## How to complete this task
From the first line to the last, retype the records exactly without their images.

(Items from a data source)
=== Begin Enclosure ===

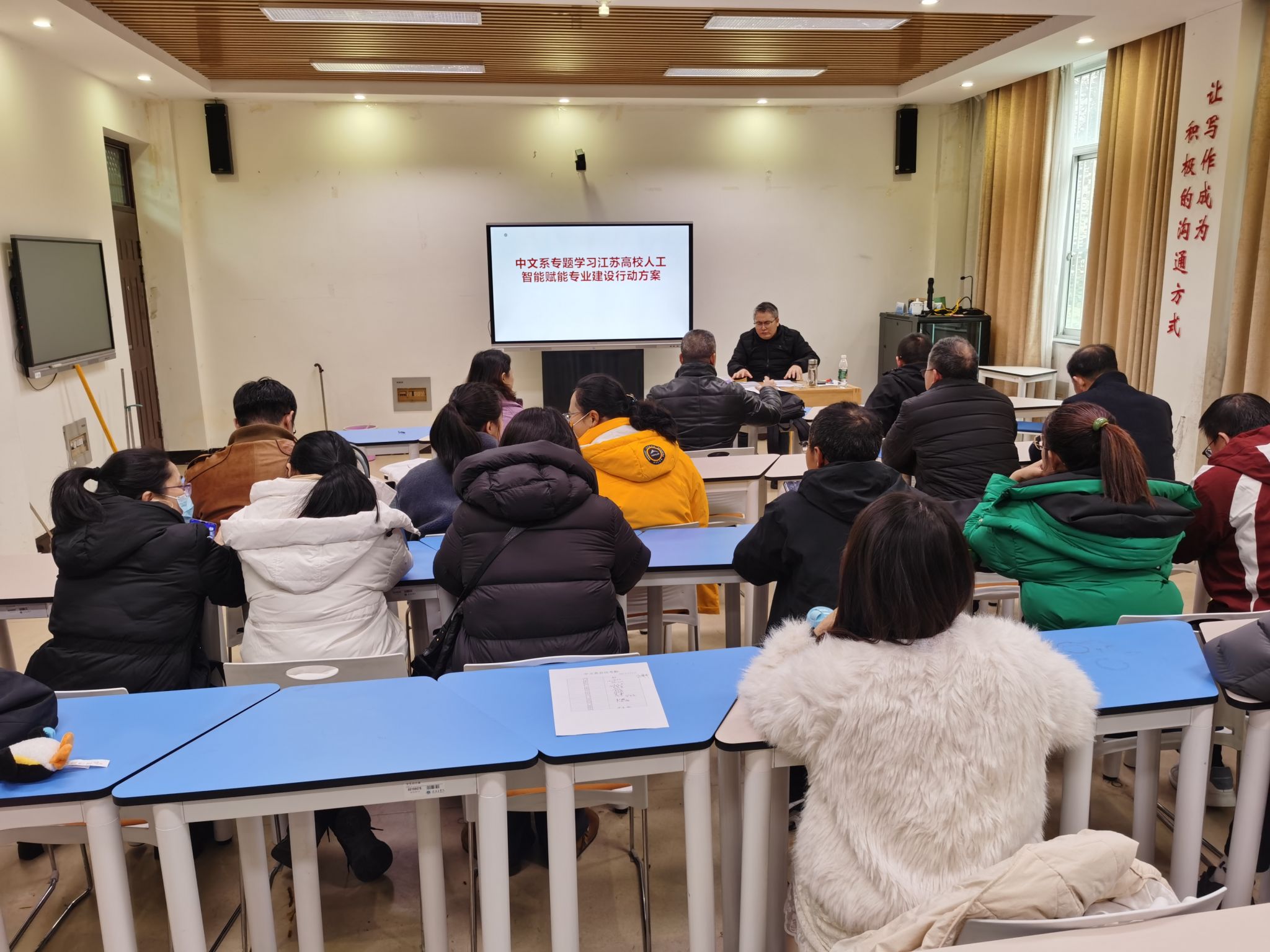吴明忠在带领大家原原本本学习《江苏省人工智能赋能专业建设行动方案》的基础上,分享了自己的学习体会。他指出,今年学校本科教育教学改革的重点之重是落实《江苏省人工智能赋能专业建设行动方案》,中文专业必须快速响应,积极行动。
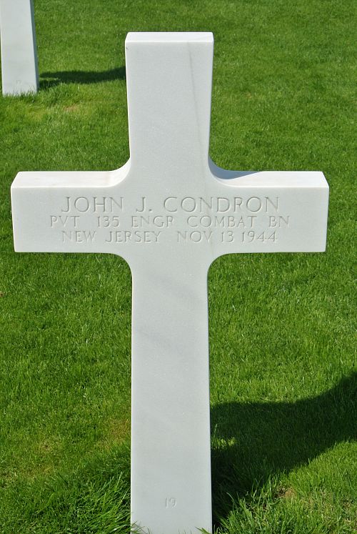 Pvt John J. Condron was employed at General Electric in Bloomfield, New Jersey before he enlisted.Source of information: Peter Schouteten, www.abmc.gov, www.wwiimemorial.com, www.archives.gov, www.ancestry.com - Headstone and Interment Record / Hoard Family Tree / U.S. WWII Draft Cards Young Men
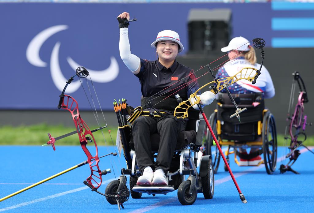張?zhí)祧螞Q賽最后一箭射出7環(huán),讓一直心態(tài)波瀾不驚的陳敏儀坦言稍有浮動?!翱吹?的時候,我心里在想這一根箭我必須打死?!彼f話聲音不大,語氣卻堅定有力。9環(huán),勝利到手,該項目殘奧會紀錄也被刷新到147環(huán)。
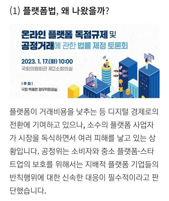 "플랫폼 사업자들도 전통 유통기업처럼 시장 독과점하면 규제 받아야함. 지금 법으론 못하니까 플랫폼법 만들거야. 우리 숙원사업이야. 지금못하면 역사의 죄인됨. 무조건 할거야"
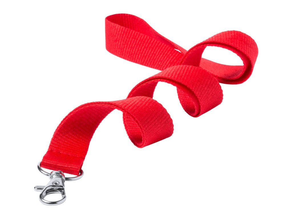 Polyesterový lanyard na krk s kovovou karabinou.
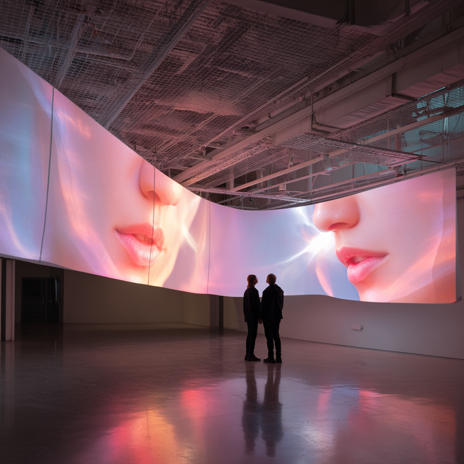 A modern art installation with a curved screen displaying a close-up of a face, observed by two silhouetted figures in a spacious gallery.

=== End Enclosure ===

## Result of this exercise
吴明忠在带领大家原原本本学习《江苏省人工智能赋能专业建设行动方案》的基础上,分享了自己的学习体会。他指出,今年学校本科教育教学改革的重点之重是落实《江苏省人工智能赋能专业建设行动方案》,中文专业必须快速响应,积极行动。
 Pvt John J. Condron was employed at General Electric in Bloomfield, New Jersey before he enlisted.Source of information: Peter Schouteten, www.abmc.gov, www.wwiimemorial.com, www.archives.gov, www.ancestry.com - Headstone and Interment Record / Hoard Family Tree / U.S. WWII Draft Cards Young Men
張?zhí)祧螞Q賽最后一箭射出7環(huán),讓一直心態(tài)波瀾不驚的陳敏儀坦言稍有浮動?!翱吹?的時候,我心里在想這一根箭我必須打死?!彼f話聲音不大,語氣卻堅定有力。9環(huán),勝利到手,該項目殘奧會紀錄也被刷新到147環(huán)。
 "플랫폼 사업자들도 전통 유통기업처럼 시장 독과점하면 규제 받아야함. 지금 법으론 못하니까 플랫폼법 만들거야. 우리 숙원사업이야. 지금못하면 역사의 죄인됨. 무조건 할거야"
 Polyesterový lanyard na krk s kovovou karabinou.
 A modern art installation with a curved screen displaying a close-up of a face, observed by two silhouetted figures in a spacious gallery.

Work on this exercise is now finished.